How does my FUE recipient area look? (photos)

You have excessive crusting as a result of poor post-operative washing techniques, or absence of them. An FUE is treated just like a regular hair transplant with regard to the recipient area, but the donor area has open wounds which require daily washing with soap and water. Within 3 days of surgery, you can resume full activities, heavy exercises if you wish. The recipient area requires daily washes as well to keep the recipient area free of crusts. I generally recommend the use of a sponge and supply my patient with a surgical sponge to fill with soapy water and press on the recipient area daily. By repeating this daily, all crusts can be washed off without any fear of losing grafts. IF any crust are present, use a Q tip and dip it into soapy water, and roll it on the crusts and that will lift them off without dislodging them, but never rub them, just roll the Q tip on the recipient crust. I like to see no evidence of any crusting in the recipient area and the crusts from the donor area gone in 7-10 days with daily washing much like the two patients on the right.

I don’t like the idea of anyone removing grafts that have scabs on them because we have published a paper in a formal medical journal, that when a person pulls off a scab (crust) from a recipient area in less than 12 days, the risk of losing the graft is very high. Put a shampoo on your head and let it sit for 10-15 minutes, then gently work the crusts with your fingers. This will take days to get the crust off so that you do not disturb the grafts. See the medical paper we wrote in a major journal below in the web reference that proves my point. Look at the two patients on the right, both one day after FUE sessions and both clean without crusts.

poor and good wash

FUE Questions

Hi,
I am seriously thinking of having a FUE procedure during the next 2-4 months. I’ll appreciate if you can please help me with the following info.
1. How do i know if i am a suitable candidate for FUE?
2. How long do i have to wait after the test to have the procedure?
3. how long do i have to wait after the surgery, before i can go about my business?
4. I see that you have a special offer going on now, what is the final per graft price after taking into account the travel reinbursement and your offfer?

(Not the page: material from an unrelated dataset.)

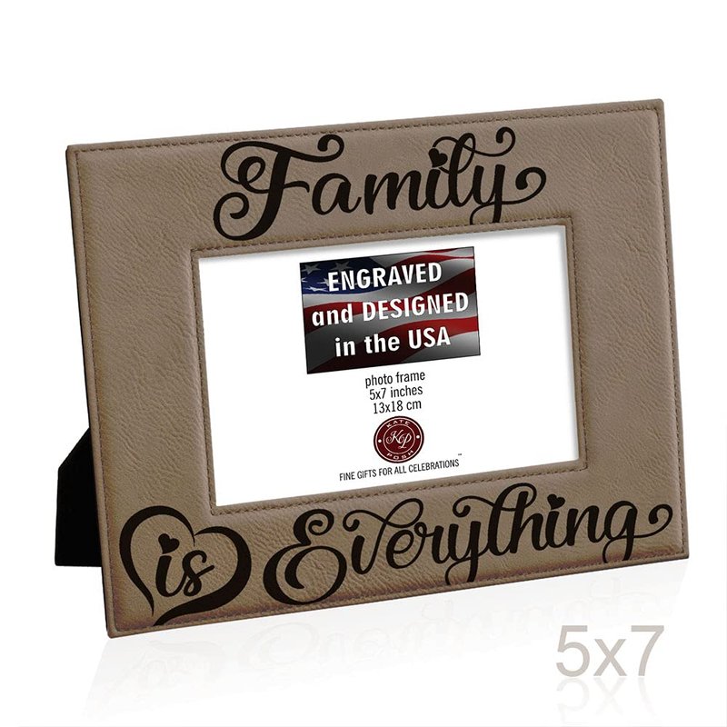 KATE POSH Family is Everything Engraved Leather Picture Frame (5x7-Horizontal)

There are many things to consider before deciding on any hair restoration procedure. I’ll answer your questions on FUE (Follicular Unit Extraction) first…

  1. At NHI we use the FOX™ test to determine if you are a candidate for FUE. The FOX test lets us know how easily viable grafts can be extracted. If there is a high percentage of viable grafts, you would be ‘FOX positive’.
  2. The FOX test can be performed any time before surgery. There is no waiting period once you have had the test.
  3. Patients have different tolerances for surgery. Many patients go back to work the next day, others wait a day or two. As long as you follow the post operative instructions, you can resume your daily routine as soon as you are ready.
  4. The 2005 summer special fee applies only to traditional strip surgery. Travel expense reimbursement is up to 5% of the cost of the surgery.

Some of the other considerations to keep in mind are FUE is a good choice for patients who:

  • Need a small amount of grafts
  • Do not have an advanced balding pattern
  • Those who want to wear their hair very short
  • Those who have a very low donor supply, a scarred donor area, or very tight scalps
  • Patients who tend to heal with wide scars
  • Athletes who must resume full activity soon after the procedure

BUT, most importantly, continue to research, make sure all of your questions get answered, insist on seeing patient results in person, and make sure that you choose a doctor who has your best interests in mind.